■ **Problem requirements**:
Without including the pictures, copy out every line below.

■ **Dataset extract**:
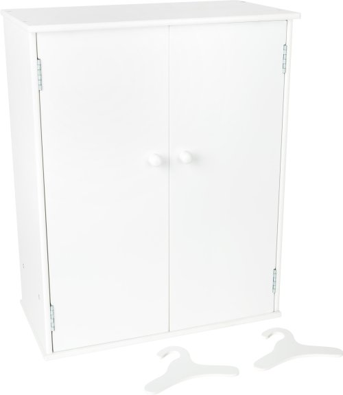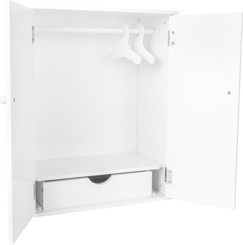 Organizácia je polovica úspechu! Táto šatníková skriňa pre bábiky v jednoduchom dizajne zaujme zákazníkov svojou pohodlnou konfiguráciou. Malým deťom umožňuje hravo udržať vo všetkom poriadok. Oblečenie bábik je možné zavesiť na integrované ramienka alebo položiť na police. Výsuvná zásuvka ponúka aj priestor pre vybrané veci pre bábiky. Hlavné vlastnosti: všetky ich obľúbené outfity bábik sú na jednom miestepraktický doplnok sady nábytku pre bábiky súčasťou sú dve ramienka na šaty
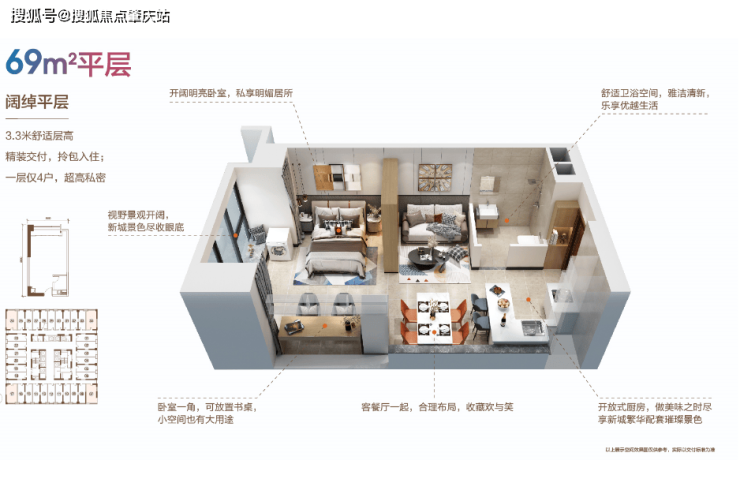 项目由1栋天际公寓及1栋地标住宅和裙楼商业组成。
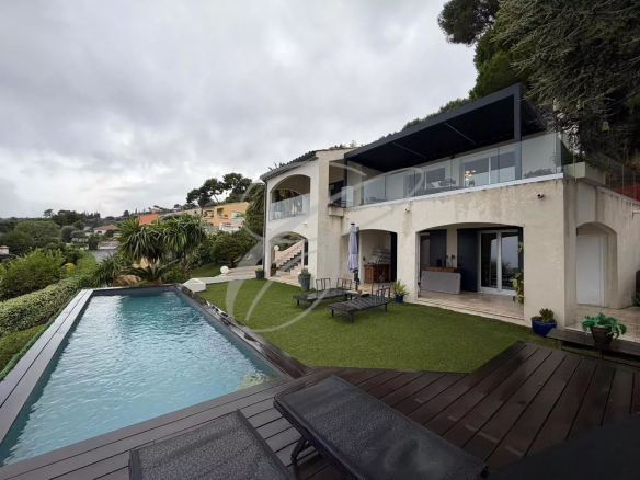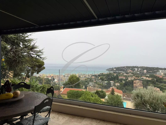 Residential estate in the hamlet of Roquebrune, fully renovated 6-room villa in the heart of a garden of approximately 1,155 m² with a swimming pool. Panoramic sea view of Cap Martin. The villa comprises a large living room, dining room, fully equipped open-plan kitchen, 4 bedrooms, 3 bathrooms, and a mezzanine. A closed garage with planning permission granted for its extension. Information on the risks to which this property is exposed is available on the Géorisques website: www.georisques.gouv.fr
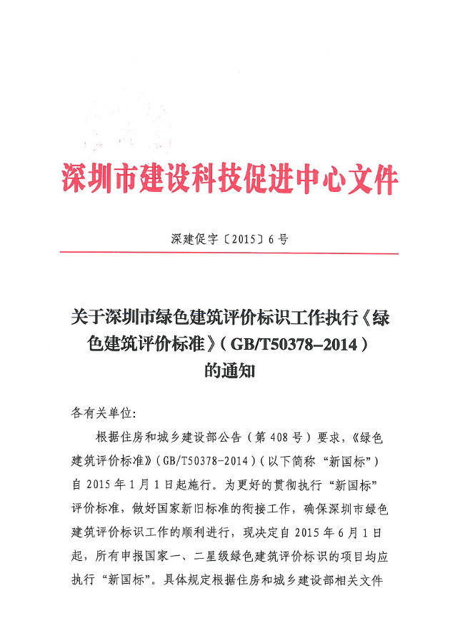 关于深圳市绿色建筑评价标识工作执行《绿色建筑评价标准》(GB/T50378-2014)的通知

■ **Exercise output**:
 Organizácia je polovica úspechu! Táto šatníková skriňa pre bábiky v jednoduchom dizajne zaujme zákazníkov svojou pohodlnou konfiguráciou. Malým deťom umožňuje hravo udržať vo všetkom poriadok. Oblečenie bábik je možné zavesiť na integrované ramienka alebo položiť na police. Výsuvná zásuvka ponúka aj priestor pre vybrané veci pre bábiky. Hlavné vlastnosti: všetky ich obľúbené outfity bábik sú na jednom miestepraktický doplnok sady nábytku pre bábiky súčasťou sú dve ramienka na šaty
 项目由1栋天际公寓及1栋地标住宅和裙楼商业组成。
 Residential estate in the hamlet of Roquebrune, fully renovated 6-room villa in the heart of a garden of approximately 1,155 m² with a swimming pool. Panoramic sea view of Cap Martin. The villa comprises a large living room, dining room, fully equipped open-plan kitchen, 4 bedrooms, 3 bathrooms, and a mezzanine. A closed garage with planning permission granted for its extension. Information on the risks to which this property is exposed is available on the Géorisques website: www.georisques.gouv.fr
 关于深圳市绿色建筑评价标识工作执行《绿色建筑评价标准》(GB/T50378-2014)的通知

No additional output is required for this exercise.